| EXERCISE OBJECTIVE |
Print out the data exactly, keeping every image out of it.

| DATA SEGMENT |

-*-

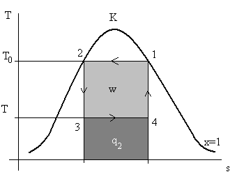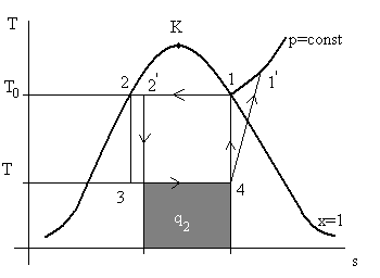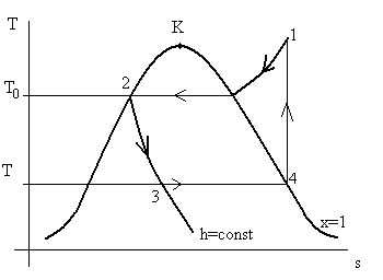 Технологическая схема парокомпрессионного цикла ничем не отличается от предыдущего цикла, только в качестве рабочего тела используются пары веществ, которые находятся в области влажного пара (см. лекцию 3). Иными словами, применяются вещества в состояниях, ниже критического (см. лекцию 3). Здесь в принципе можно реализовать наиболее эффективный холодильный цикл Карно (см. рис. 7.6).
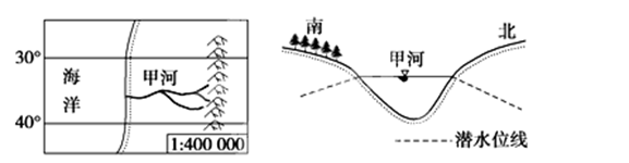 【小题2】从右图中可以看出,此时河流水位高于潜水位,河流水补给潜水,为丰水期,降水较多;因此此时为南半球的冬季,该地受盛行西风带控制,盛行西北风。
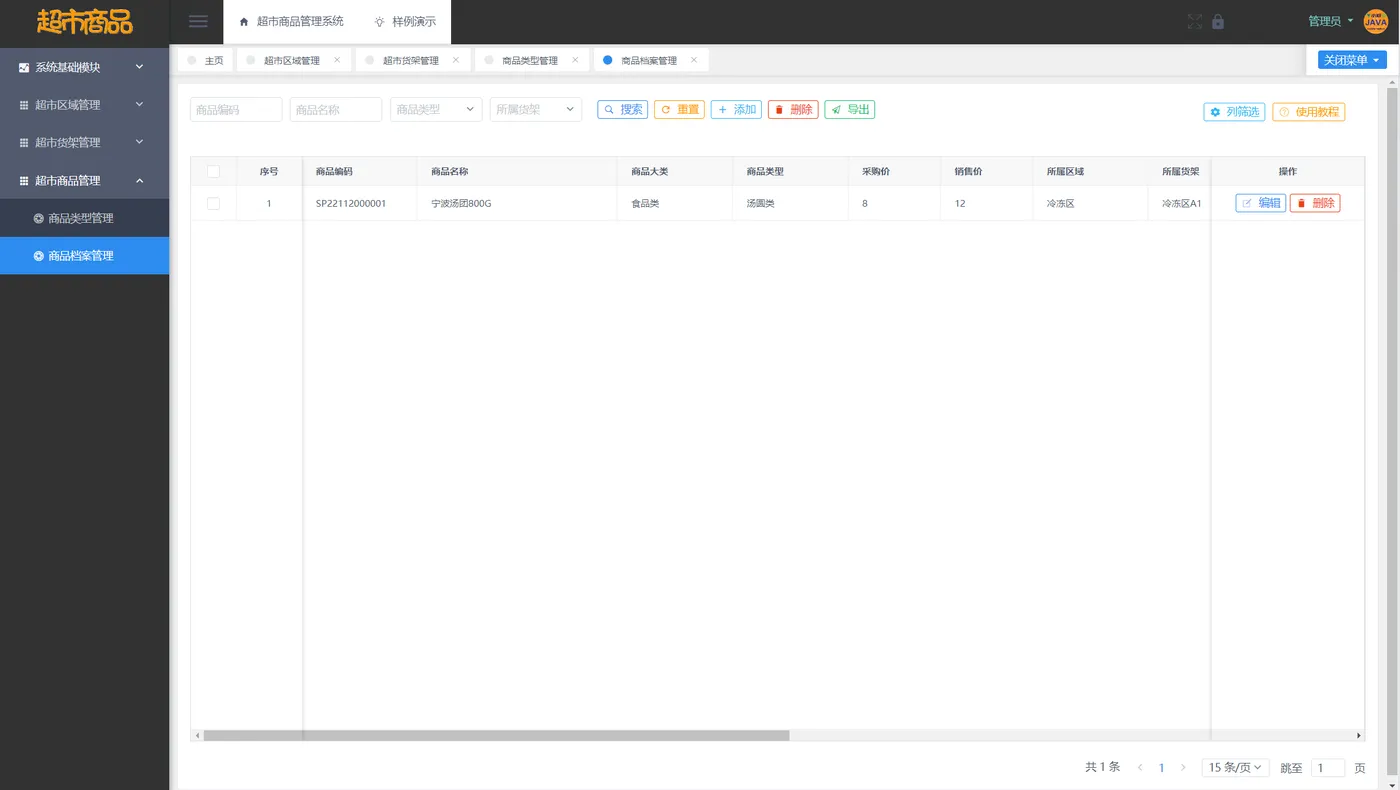 作者提出并设计了超市商品管理系统,从系统整体结构设计出发,提出了超市商品管理系统的五大功能模块,最后实现了超市商品管理系统的开发。

-*-

| TASK ANSWER |
 Технологическая схема парокомпрессионного цикла ничем не отличается от предыдущего цикла, только в качестве рабочего тела используются пары веществ, которые находятся в области влажного пара (см. лекцию 3). Иными словами, применяются вещества в состояниях, ниже критического (см. лекцию 3). Здесь в принципе можно реализовать наиболее эффективный холодильный цикл Карно (см. рис. 7.6).
 【小题2】从右图中可以看出,此时河流水位高于潜水位,河流水补给潜水,为丰水期,降水较多;因此此时为南半球的冬季,该地受盛行西风带控制,盛行西北风。
 作者提出并设计了超市商品管理系统,从系统整体结构设计出发,提出了超市商品管理系统的五大功能模块,最后实现了超市商品管理系统的开发。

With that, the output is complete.